Nelson Mandela 'Seriously Ill' In Hospital

Former South African president Nelson Mandela has been readmitted to hospital with the recurrence of a lung infection and is in a "serious, but stable condition".
The 94-year-old was transferred from his home in Houghton, Johannesburg, to a hospital in Pretoria in the middle of the night.
He was accompanied by his wife Graca Machel, who was due to address The Nutrition for Growth hunger summit in London on Saturday, but cancelled her attendance on Thursday, indicating that Mr Mandela's health deteriorated during the last few days.
Hours later, a private ambulance was seen leaving a hospital in Pretoria with a police escort. No details were immediately available.
Government spokesman Mac Maharaj told South Africa's Enca Television that Mr Mandela's condition was "serious this time".
He said Mr Mandela, affectionately often referred to as 'Madiba', was receiving expert medical care and doctors were doing "everything possible to make him better and comfortable".
"President Jacob Zuma, on behalf of government and the nation, wishes Madiba a speedy recovery," he added.
It is the second time in recent months Mr Mandela, a revered figure across the globe, has been in hospital - and the fourth health scare in six months for the anti-apartheid leader.
The last time was in May/April earlier this year when he was kept in hospital for 10 days to receive treatment for pneumonia.
Mr Maharaj told Sky News Mr Mandela was conscious, was "able to breathe on his own" and that he was "communicating" with relatives.
"Some members of his family have been there with him all the time," he said.
"It is a condition he has had over a long period of time ... and we hope this time it will also be treated successfully.
"He is a fighter. He has been through this many times and he has been through worse issues, and he's survived.
"For all of us who are concerned, I understand that, our admiration, our hopes for him - we'd like him to be with us forever.
"But we also know we are all human beings, our life is transient, and therefore, with our prayers, with our thoughts, I know we will help him to be strong."
ANC spokesman Jackson Mthembu said the nation was "prepared for the worst", but urged people to pray for the icon.
He told Sky News: "Madiba is the personification of humanity, friendship, honesty, integrity. He means all of these things to us.
"He is also the person who without any hesitation took the apartheid state head on and suffered for that, but came out of prison undeterred. He held the hand of his oppressor, held the hand of his jailer and said, 'can we all reconcile and build a better South Africa?'. There is no better person.
"Without the calibre of Madiba's leadership, the likelihood is that South Africa would have gone to ruins ... but there was a Madiba.
"He not only spoke to everyone, but spoke reason to everyone. That will be the legacy of Madiba."
Speaking from Pretoria, Sky News Special Correspondent Alex Crawford said South Africans were "very concerned" about Mr Mandela's ailing health.
"A 94-year-old man, of frail health, who has already been several times in hospital over the last couple of months - having to be taken into the hospital at 1.30 in the morning, local time, is not good news," she said.
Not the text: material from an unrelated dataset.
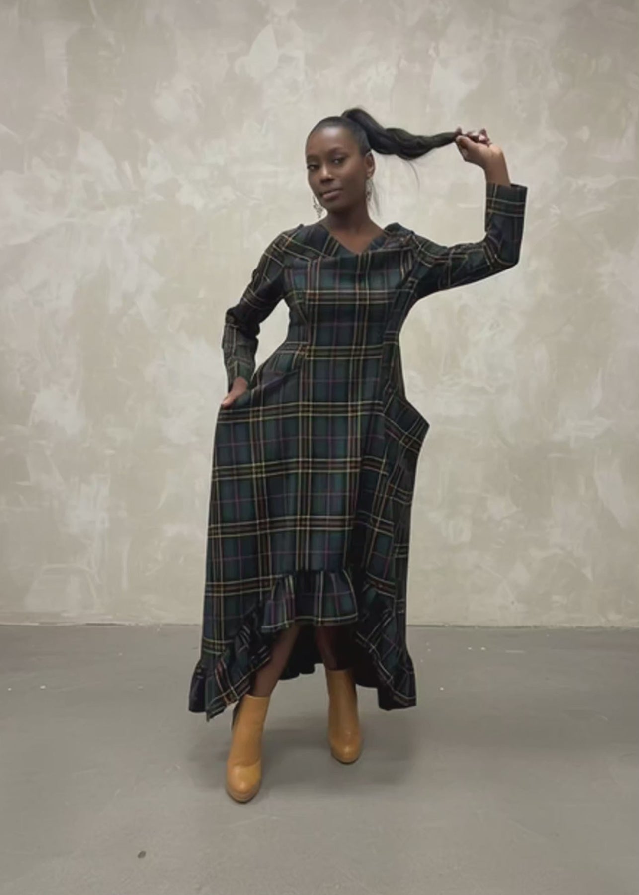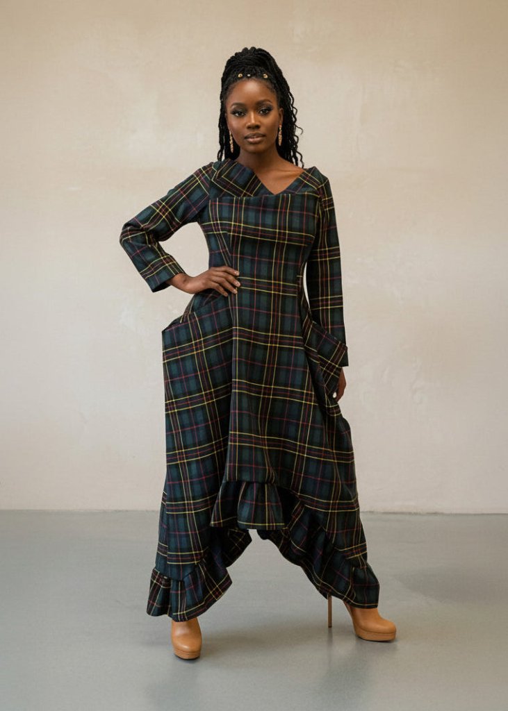 Stay stylish and cozy this winter with our dense cotton plaid dress, designed with a flattering French neckline and a unique asymmetrical cut. The ruffled hem adds movement and elegance, while the relaxed fit ensures comfort without losing femininity.

"That means he must have been in a particularly serious condition that they couldn't deal with it at his home, where they have 24-hour medical care available to him, provided by the top military doctors.
"In that home he has emergency equipment, resuscitation equipment, he has everything that is necessary, needed and what you'd expect to look after a former president - but that wasn't enough.
"Clearly his situation deteriorated to such an extent that they felt he needed to be moved immediately to a hospital, and I think that says a lot."
She continued: "He is due to be 95 on July 18, he is a good, old age, and he has suffered terrible health, particularly in the past few months. Each time one imagines a stay in a hospital really does take its toll, particularly on an old man.
"Last time, shortly after he was released from hospital, President Zuma visited him at his home with members of the ANC hierarchy and those were the last pictures we saw of Nelson Mandela in public.
"There are a lot of good wishes coming from the general public, but also an appeal ... to let him be, to let him recover in peace.
"Whilst he's still in hospital and he's still considered to be in a serious condition, the nation will be holding its breath once again."
British Prime Minister David Cameron sent his well wishes to Mr Mandela on Twitter, saying: "My thoughts are with Nelson Mandela, who is in hospital in South Africa."
South African cricketer AB de Villiers, who was in the UK for the Champions Trophy, tweeted: "Get well soon Madiba."
Mr Mandela has a history of lung problems dating from when he contracted tuberculosis as a political prisoner.
He spent 27 years on Robben Island and in other jails for his attempts to overthrow the white-minority government.
The Nobel Peace Prize Laureate, who became South Africa's first black President in 1994, is a global symbol of tolerance and the struggle for equality.
He stepped down as president in 1999 and has not been politically active for a decade.
His last major public appearance was in July 2010, at the final of the Fifa World Cup at Soccer City stadium in Johannesburg.
Since then, he has spent his spent his time between Johannesburg and his ancestral village Qunu, in the Eastern Cape.